Additionally, the total of all amounts payable to acquire the shares, including the option price and any amount payable to acquire the option, cannot be less than the share’s fair market value on the date the option was granted. If these conditions are met, the stock option benefit on the qualifying stock options will be included in income in the year that the shares are sold.

$100,000 Annual Limit

The $100,000 annual limit on the fair market value of options available for the deferral applies to the year of vesting — the year the employee gains the right to exercise the options under the terms of the option agreement — and not to the year in which the option is actually exercised. As a result, the vesting period can dramatically change the amount of the benefit that may be deferred. All stock option plans of the employer and related corporation must be included when determining if the annual limit will be exceeded in year of vesting.
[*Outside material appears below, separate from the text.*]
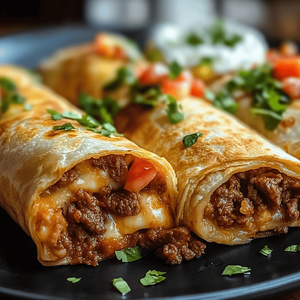 Serve warm with your favorite toppings such as sour cream or salsa for an extra kick! Enjoy these flavorful Beef and Cheese Chimichangas straight from the pan for maximum crunch.

For example, say an employee is granted options for 20,000 shares with an exercise price of $10 per share ($200,000 in total), which is their fair market value at the time the options are granted. All of the options vest in Year 1 and the employee exercises the options in that year when the share price is $25 per share ($500,000 in total).

In this case, the employee’s potential benefit is $300,000 ($500,000 — $200,000). But the deferral is only available for 10,000 shares due to the $100,000 limit, so only half of the total benefit ($150,000) can be deferred. The additional $150,000, will be taxed under the general rules as employment income in Year 1 (subject to the one-third employee stock option deduction).

But what if we change the facts so the vesting period for the 20,000 shares is spread equally over Years 1 and 2 (i.e.. 10,000 each year) and the employee exercises the options in Year 2? In this case, tax on the entire $300,000 benefit can be deferred because the fair market value of the 10,000 shares attributable to options vesting each year does not exceed the $100,000 annual limit.

The table below summarizes the tax results of both scenarios. In practice, employees will generally only exercise their options if they plan to sell the shares. Most employees will probably not pay the exercise price if they can simply hold the options and exercise them at a future date. So it seems that the employees who will benefit the most from this measure are those whose options would otherwise expire before they might plan to sell the shares. For example, an employee may have options that vest with a short expiry period (i.e.. years four and five of a five-year option plan) or may be leaving the company with a short period of time to exercise any vested options.